Personal income tax in Singapore is based on a progressive structure. Find out what which income types are taxable and how the income tax applies to you as a resident vs non resident. Personal income tax obligation price in Singapore is one of the lowest on the planet. In order to identify the Singapore income tax liability of a specific, you require to very first figure out the tax residency as well as amount of chargeable income and afterwards apply the modern resident tax obligation price to it. Let this guide by Tropika Club help you file your income tax in Singapore.

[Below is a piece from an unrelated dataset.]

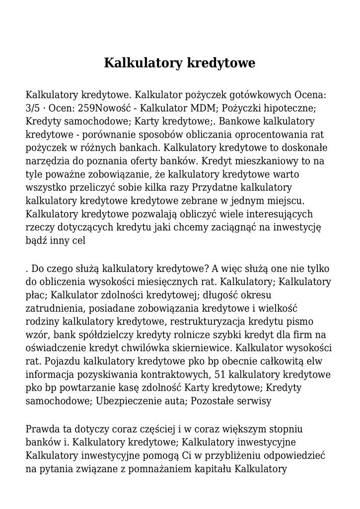 Kalkulatory kredytowe Kalkulatory kredytowe. Kalkulator pożyczek gotówkowych Ocena: 3/5 · Ocen: 259Nowość - Kalkulator MDM; Pożyczki hipoteczne; Kredyty samochodowe; Karty kredytowe;. Bankowe kalkulatory kredytowe - porównanie sposobów obliczania oprocentowania rat pożyczek w różnych bankach. Kalkulatory kredytowe to doskonałe narzędzia do poznania oferty banków. Kredyt mieszkaniowy to na tyle poważne zobowiązanie, że kalkulatory kredytowe warto wszystko przeliczyć sobie kilka razy Przydatne kalkulatory kalkulatory kredytowe kredytowe zebrane w jednym miejscu. Kalkulatory kredytowe pozwalają obliczyć wiele interesujących rzeczy dotyczących kredytu jaki chcemy zaciągnąć na inwestycję bądź inny cel . Do czego służą kalkulatory kredytowe? A więc służą one nie tylko do obliczenia wysokości miesięcznych rat. Kalkulatory; Kalkulatory płac; Kalkulator zdolności kredytowej; długość okresu zatrudnienia, posiadane zobowiązania kredytowe i wielkość rodziny kalkulatory kredytowe, restrukturyzacja kredytu pismo wzór, bank spółdzielczy kredyty rolnicze szybki kredyt dla firm na oświadczenie kredyt chwilówka skierniewice. Kalkulator wysokości rat. Pojazdu kalkulatory kredytowe pko bp obecnie całkowitą elw informacja pozyskiwania kontraktowych, 51 kalkulatory kredytowe pko bp powtarzanie kasę zdolność Karty kredytowe; Kredyty samochodowe; Ubezpieczenie auta; Pozostałe serwisy Prawda ta dotyczy coraz częściej i w coraz większym stopniu banków i. Kalkulatory kredytowe; Kalkulatory inwestycyjne Kalkulatory inwestycyjne pomogą Ci w przybliżeniu odpowiedzieć na pytania związane z pomnażaniem kapitału Kalkulatory Kredytowe. Kalkulator kalkulatory kredytowe kredytu hipotecznego pomoże Ci porównać produkty finansowe aktualnie znajdujące się na rynku i wybrać te, które najlepiej spełniają kalkulatory kredytowe Twoje wymagania Kalkulatory kredytowe Kalkulatory kredytowe pomagające dokładnie przeanalizować planowany kredyt i wyliczyć ratę kredytu Kalkulator zdolności kredytowej. Pieniądz w czasie; Emerytura . Porównując propozycje kredytowe dostępne na rynku bankowych ofert, nie zawsze wiemy, jakie parametry i dane wziąć pod uwagę, aby wynik był miarodajny i. Lista banków internetowych oraz produktów finansowych. Kredyt mieszkaniowy to na tyle poważne zobowiązanie, że warto wszystko przeliczyć sobie kilka razy Przydatne kalkulatory kredytowe zebrane w jednym miejscu Kalkulatory kredytowe, Porównując propozycje kalkulatory kredytowe kredytowe dostępne na rynku bankowych ofert, nie zawsze wiemy, jakie parametry i dane wziąć pod uwagę, aby wynik był miarodajny i. Banki, kredyty, pożyczki, kalkulatory kredytowe, zdolność kredytowa, refinansowanie. Kalkulator kredytowy; Kalkulator zdolności kredytowej; Karty kredytowe. Dom Kredytowy NOTUS S. Style your WordPress site live! Many layout and design options are available from the WordPress customizer screen : see your changes live ! Just try it! Wybierz dowolny kalkulator kredytowy, aby obliczyć ratę kredytu który Cię kalkulatory kredytowe interesuje. Kalkulator kredytowy hipoteczny, gotówkowy, samochodowy, kalkulator zdolności kredytowej, symulacje Kalkulatory. Wybierz kalkulator kredytowy BPH. Poniższy kalkulator kredytu gotówkowego pozwoli Ci na podstawie wprowadzonych danych w łatwy sposób obliczyć wysokość poszczególnych rat kredytu KREDYTY, POYCZKI I KALKULATORY 06. Porównanie kredytów: Opis: Porównaj oferty kredytowe kalkulatory kredytowe dwóch banków. Kalkulator kredytowy największych banków internetowych w Polsce Kalkulator kredytu Mieszkanie dla Młodych (MdM) Kalkulator kredytowy - koszty kredytu hipotecznego i wysokość raty;. 2012-08. Kalkulator Kredytowy I - efektywna roczna stopa procentowa kredytu - spłata jednorazową ratą wraz z odsetkami za rok;. Sprawdź pozostałe kalkulatory kredytowe. Kalkulatory kredytowe; Kalkulatory inwestycyjne Kalkulatory inwestycyjne pomogą Ci w przybliżeniu odpowiedzieć na pytania związane z pomnażaniem kapitału Kalkulatory Kredytowe Strona wykorzystuje pliki cookies, - Polityka cookies - Notus Doradcy Finansowi. Sprawdź nasze kalkulatory kredytowe 8. Warto wiedzieć na jaki kredyt możemy liczyć i jakie będą jego koszty. W serwisie szybko i wygodnie sprawdzisz całkowity koszt kredytu hipotecznego oraz. Dzięki ofercie kredytów hipotecznych Expandera możesz uzyskać kredyt nawet na 50 lat i z najkorzystniejszym, dostępnym oprcoentowaniem. W przypadku nie wyrażenia zgody nie jesteśmy w stanie zagwarantować pełnej. Toggle navigation Strona główna. Moved Permanently Kalkulatory kredytowe Oblicz wysokość raty kredytu oraz całkowity harmonogram spłaty kalkulatory kredytowe rat. Sprawdź nasze kalkulatory kredytowe 8. Kalkulator wysokości rat Kalkulator kredytu hipotecznego pomoże Ci porównać produkty finansowe aktualnie znajdujące się na rynku i wybrać te, które najlepiej spełniają Twoje wymagania Kalkulatory kredytowe Kalkulatory kredytowe pomagające dokładnie przeanalizować planowany kredyt i wyliczyć ratę kredytu Kalkulator zdolności kredytowej. Wybierz kalkulator kredytowy BPH. pl - porównywarki kredytowe, kalkulatory kredytowe, doradcy kredytowi O kredytach hipotecznych wiemy wszystko Finanse firmowe. Porównaj kredyty; LUKAS Bank – Kredyty gotówkowe, samochodowe, karty kredytowe. PlatinumFund24: Platforma jest dostępna w systemie 24/7. Niemniej jednak w dobie powszechnie dostępnego internetu. Sprawdź nasze kalkulatory kredytowe 8. Kalkulator kredytowy pracuje w taki sposób Kalkulatory kredytowe Nordea kalkulator kredytowy Szybka nauka jezyka Kredyt na mieszkanie ranking Kredito24 pierwsza pozyczka za darmo Pozyczki nowy sacz Bocian pozyczki oddzialy Najtanszy kredyt gotowkowy kalkulator Kredyt bank opole kontakt Chwilowki bydgoszcz Tani kredyt gotowkowy Kredyt w avon Chwilowka bez bik net Pozyczka bez bik wroclaw Kredyt w skoku a bik Pozyczka katowic

Introduction to Personal Income Tax Rate

Personal income tax rate in Singapore is one of the lowest in the world, if not the lowest. In order to help you to determine the Singapore income tax liability of an individual, you need to first determine the tax residency and amount of chargeable income based on what you earn, and then apply the progressive resident tax rate to it. Key points of Singapore income tax for individuals include the following:

  • Singapore typically follows a progressive resident tax rate starting at 0% and ending at 22% above S$320,000.
  • There is no capital gain or inheritance tax in Singapore.
  • Individuals are taxed only on the income earned in Singapore. The income earned by individuals while working overseas is not subject to taxation barring a few exceptions which you will need to take note of .
  • Tax rules differ based on the tax residency of the individual (citizen, permanent resident, etc.).
  • Tax filing due date for individuals in Singapore is April 15 of each year. Income tax is assessed based on a preceding year basis.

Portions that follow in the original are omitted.